Everyone has their stock stories, the ones they can tell at awkward social moments. Most involve extreme situations or life-changing moments; mine involves neither.
I abruptly woke one typical day four years ago to the maxiumum volume screech of my alarm clock. Immediately, I shot up out of bed, slamming my head against the top of my bunk bed.
“Ow, dammit,” I muttered, pulling myself out of bed and slowly crawling into the bathroom. I hit the light switch. Lights on. Lights off. I hit it again. Lights on. Lights off. Despite my weakened condition, some cognitive component of my brain managed to figure out that the switch was broken so that whenever I pressed it to turn on the lights it would flip back and shut them off.
I sat for a few moments on the bathroom floor pondering what to do. An idea suddenly struck me, and I wandered out of the bathroom. I grabbed a roll of duct tape and, while holding the switch down with one hand, stuck a piece of duct tape on it to hold it down. Stepping back into the room now filled with light, I wiped my hands clean and smiled at a job well done. Jonathan one, bathroom zero.
Several moments later I found myself in the shower shampooing my hair. As luck would have it, a significant amount of shampoo found its way into my eyes.
“Ow, it stings! Ow!” I yelped. My hands immediately shot to the aid of my eyes, rubbing them furiously, but that only made it worse. I stopped rubbing my eyes, but kept them tightly shut. I turned off the water and got out of the shower, my feet hitting the icy cold floor of the bathroom.
I felt around the wall, finally found my towel and began drying my hair and the rest of my body. I suddenly realized that I still had my eyes clenched shut. They had stopped burning as much and I decided to open them.
At the exact moment I opened my eyes, the tape on the wall keeping the light switch down, which had likely been slowly peeling away the entire time, popped off and the switch flipped back into the off position.
As I opened my eyes I found only pitch black.
“Oh God, I’m blind,” I thought as the fear actually set in. I dropped the towel I had been holding and reached my hands up to the ceiling in agony. “I’m blind! I’m blind! Oh God, I’m blind!” I began hollering at the top of my lungs.
My father heard me from the kitchen upstairs and dashed down, ripping open the door to see what all the commotion was about.
There I stood, completely naked, with my hands up in the air, screaming as light flooded the room.

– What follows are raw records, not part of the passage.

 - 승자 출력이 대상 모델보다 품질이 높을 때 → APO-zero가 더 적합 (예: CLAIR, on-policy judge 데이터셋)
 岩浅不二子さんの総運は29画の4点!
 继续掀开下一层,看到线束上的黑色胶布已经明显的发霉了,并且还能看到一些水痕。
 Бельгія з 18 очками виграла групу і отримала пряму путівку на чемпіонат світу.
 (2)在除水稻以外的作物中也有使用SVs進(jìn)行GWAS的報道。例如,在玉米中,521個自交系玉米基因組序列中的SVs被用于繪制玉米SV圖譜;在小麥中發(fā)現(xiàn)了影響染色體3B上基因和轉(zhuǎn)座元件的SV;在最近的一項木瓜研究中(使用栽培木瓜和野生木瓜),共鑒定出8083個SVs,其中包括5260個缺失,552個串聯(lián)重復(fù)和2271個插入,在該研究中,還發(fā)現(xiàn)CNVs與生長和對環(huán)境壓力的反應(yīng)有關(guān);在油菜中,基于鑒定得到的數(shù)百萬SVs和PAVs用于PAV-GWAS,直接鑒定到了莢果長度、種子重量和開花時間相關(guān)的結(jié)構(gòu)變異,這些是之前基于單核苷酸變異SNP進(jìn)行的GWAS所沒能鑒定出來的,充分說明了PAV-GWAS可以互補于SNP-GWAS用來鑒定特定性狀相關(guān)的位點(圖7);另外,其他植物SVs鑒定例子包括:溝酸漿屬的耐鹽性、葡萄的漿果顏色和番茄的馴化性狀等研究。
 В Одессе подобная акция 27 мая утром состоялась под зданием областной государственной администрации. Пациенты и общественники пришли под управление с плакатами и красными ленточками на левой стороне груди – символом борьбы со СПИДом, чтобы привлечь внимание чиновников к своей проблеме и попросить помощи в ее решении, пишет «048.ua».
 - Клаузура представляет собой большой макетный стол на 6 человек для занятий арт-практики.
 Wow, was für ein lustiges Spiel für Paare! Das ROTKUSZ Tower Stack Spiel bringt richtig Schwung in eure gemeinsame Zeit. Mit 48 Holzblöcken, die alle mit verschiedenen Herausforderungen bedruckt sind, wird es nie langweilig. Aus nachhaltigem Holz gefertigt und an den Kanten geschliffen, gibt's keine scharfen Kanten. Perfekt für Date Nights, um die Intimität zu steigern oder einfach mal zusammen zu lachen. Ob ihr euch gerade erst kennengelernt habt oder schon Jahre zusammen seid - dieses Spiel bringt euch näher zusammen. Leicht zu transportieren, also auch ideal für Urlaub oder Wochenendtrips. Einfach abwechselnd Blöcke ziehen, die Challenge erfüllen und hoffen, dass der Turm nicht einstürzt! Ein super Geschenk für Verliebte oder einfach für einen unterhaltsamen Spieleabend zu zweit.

“I can see,” I blurted out before I realized the sheer absurdity of the situation. I turned toward the door to see my father standing there, jaw near his ankles, speechless. “Uh, heh, the..uh…lights went out,” I stuttered, quickly grabbing the towel and rushing past my father into my room. I shut the door and got dressed quickly.
Once dressed, I headed upstairs for breakfast. My father was standing in the kitchen making coffee, and as I sat down to eat some cereal he glanced up for a few moments and shook his head slowly. My father and I have never spoken of the events that transpired that cold winter morning. I think, perhaps, it’s best that way.